March of progress

Last weekend's Wall Street Journal had a piece about the recent truce between Rome's subway operator, Roma Metropolitane SpA, and the city's preservation office.

Metro wants to provide subway service to the tourist-clogged old city, but in most of that district, you can't plant a sapling without hitting a piece of antiquity with your spade. In the past, city planners got things done by trying to hide projects from the archaeological community until it was too late to do anything about it.

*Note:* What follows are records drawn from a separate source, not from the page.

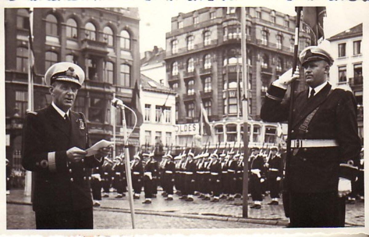 15 Foto's z/w 14cm x 9cm in album. De Vice Admiraal Gaynal (Franse Marine) speldt het Franse oorlogskruis op de vlag van de Zeemacht.
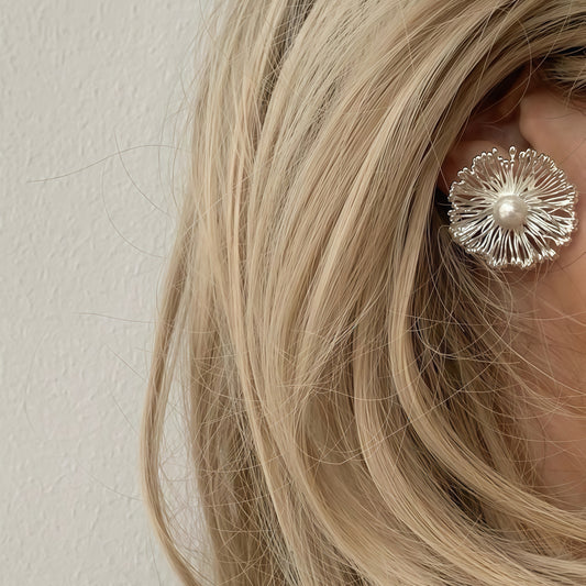 Silver Bloom Pearl Earrings
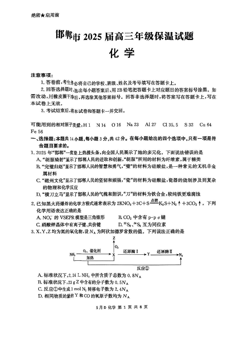 河北省邯郸市2025届下学期5月高三保温考试化学
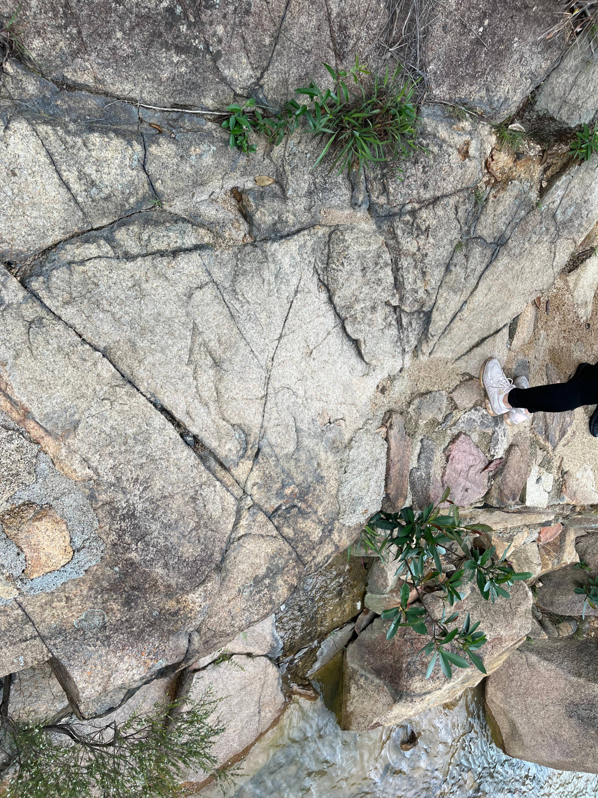 在实践学习环节,支部同志们在攀登途中利用课堂所学理论知识对各类岩石与地质现象进行考察与交流学习。由于红花山森林公园地质现象明显,裸露的岩土正是对理论成果的最好验证。例如,从岩石出露位置(图1)上观察,可见岩石发生了一定程度的蚀变,其中细长呈脉状的结构是脉石英(脉石英是由地下岩浆分泌出来的SiO2的热水溶液填充沉淀在岩石裂缝中形成的,后经地质构造运动出露在地表),同时在地表发现了一些共轭节理(图2,节理是指在地质作用下,岩石发生一系列规则的破裂,但破裂面两侧岩石没有发生明显的位移),反映了该地区经历过一些小的构造活动。

In the most egregious example, under Mussolini, builders of a canal alongside the ruins of the Forum trucked out their excavated dirt, artifacts and all, without pausing to examine any of it. Then they clipped a corner off the foundation of the Colosseum. Work continued uninterrupted.

When city preservationists asserted themselves in the 1950s, the result was gridlock. When construction of the Metro A line began in 1962, it ran smack into the Baths of Diocletian (much of which were repurposed into St. Mary of the Angels and Martyrs, a 16th century basilica). Plans were redesigned, sacrifices were made, and the first train didn't run until 1980.

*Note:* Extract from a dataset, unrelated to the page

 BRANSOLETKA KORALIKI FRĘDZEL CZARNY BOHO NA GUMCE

Fortunately, the city preservation office understands that a tourist mecca with 2.5 million people needs to continually improve and maintain its mass transit. They have worked with Metro to hash out the current subway plan, which will run 80 feet underground—below the oldest archaeological strata—and allow the archaeologists to get first crack at any dig site. The WSJ article featured a photo of workers excavating an ancient tavern near the Colosseum.

Ironically, the subway project, which is scheduled for completion in 2015, has been an unexpected boon for the preservation office. "We never get to dig in the center of Rome," said Angelo Bottini, the head of the office.

I'll actually be in Rome in a few weeks (!), so I'll try to get some photos of the dig.